After I thought about it a bit, the location question, I sort of figgured out the same sort of answer.
As to the gluing of the MDF to the underside, good thought! Only I would glue, and screw it as well.
I'll think on that as I would have to notch out the steel I have on each side as well, to clear the track. Hummm....

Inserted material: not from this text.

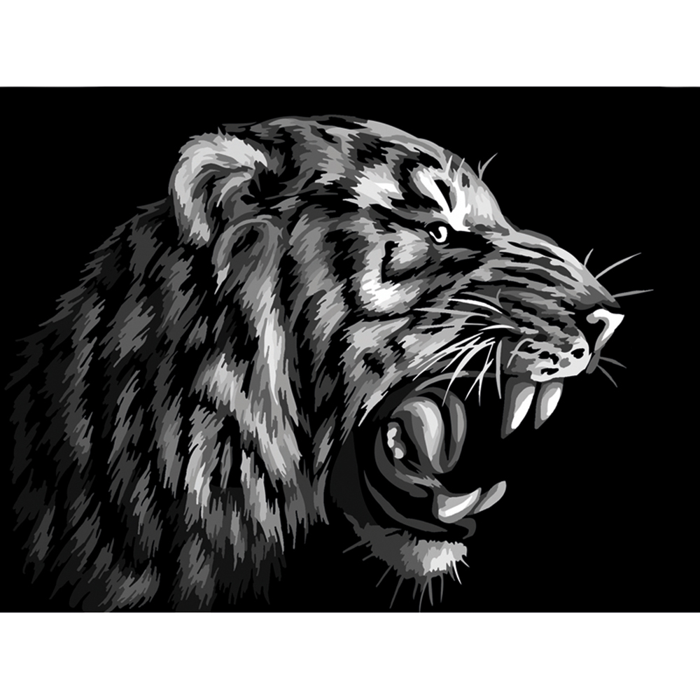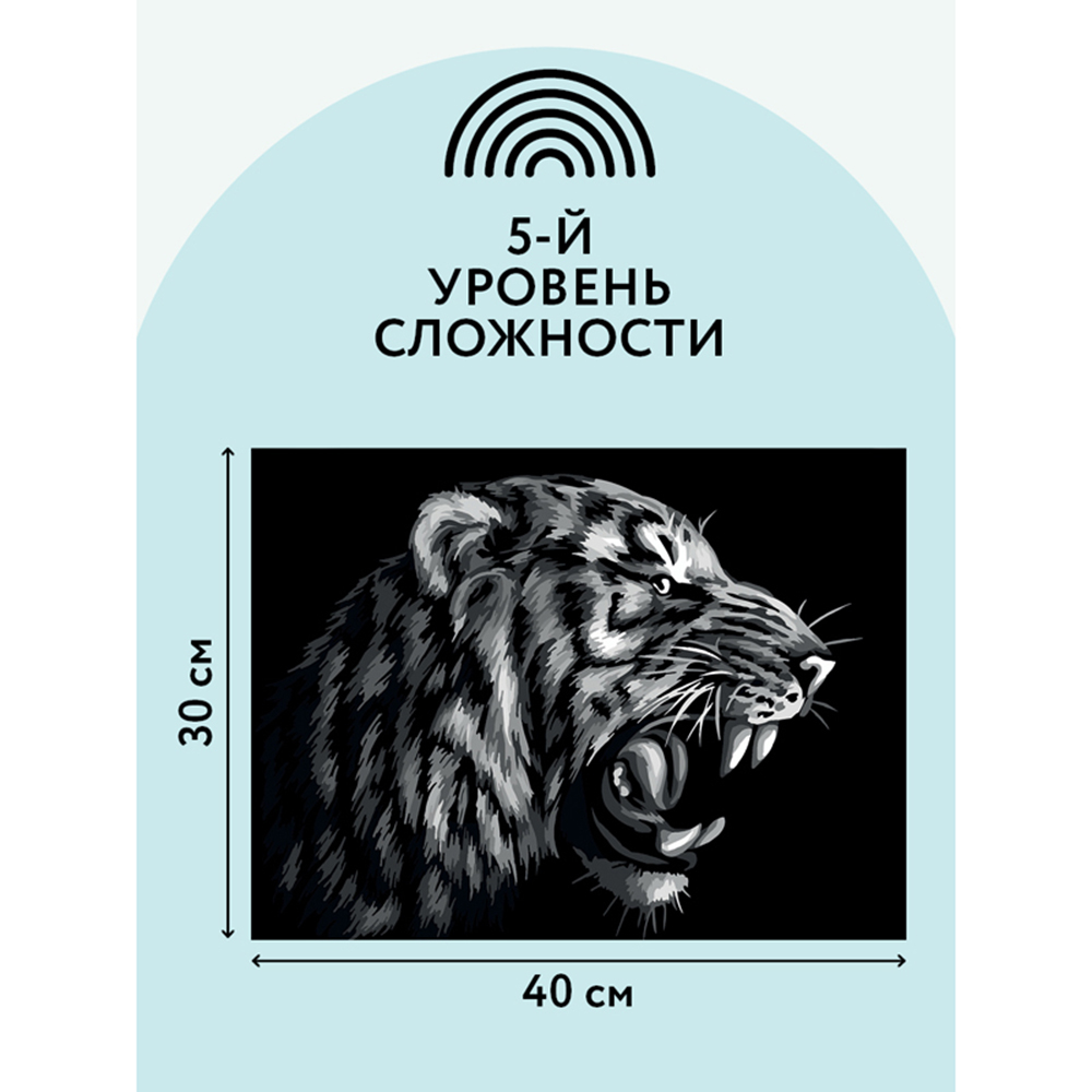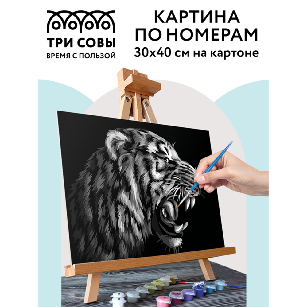 Картина по номерам на картоне - 30х40см "Монохромный тигр" 18 акриловых красок и 2 кисти (ТРИ СОВЫ)

*By The Way; what's a NVR switch?*

Cordially,
Gerry


----------



## Hamlin (Dec 25, 2005)

Hi,

A NVR switch.... check out this link: http://rds.yahoo.com/_ylt=A0geu.acT.../acatalog/Online_Catalogue_NVR_switch_75.html


----------



## reuelt (Dec 29, 2008)

Gerard_sr said:


> Thanks Reuel!
> After I thought about it a bit, the location question, I sort of figgured out the same sort of answer.
> As to the gluing of the MDF to the underside, good thought! Only I would glue, and screw it as well.
> I'll think on that as I would have to notch out the steel I have on each side as well, to clear the track. Hummm....
> ...


Hi Gerry,

Sorry for mentioning "NVR switch". It is probably a term used in UK & Australia. It means "No Voltage Release". When there is a power failure for example, the router will stay off even when the power returns if you use an NVR switch. It will not turn on until user press the green button again.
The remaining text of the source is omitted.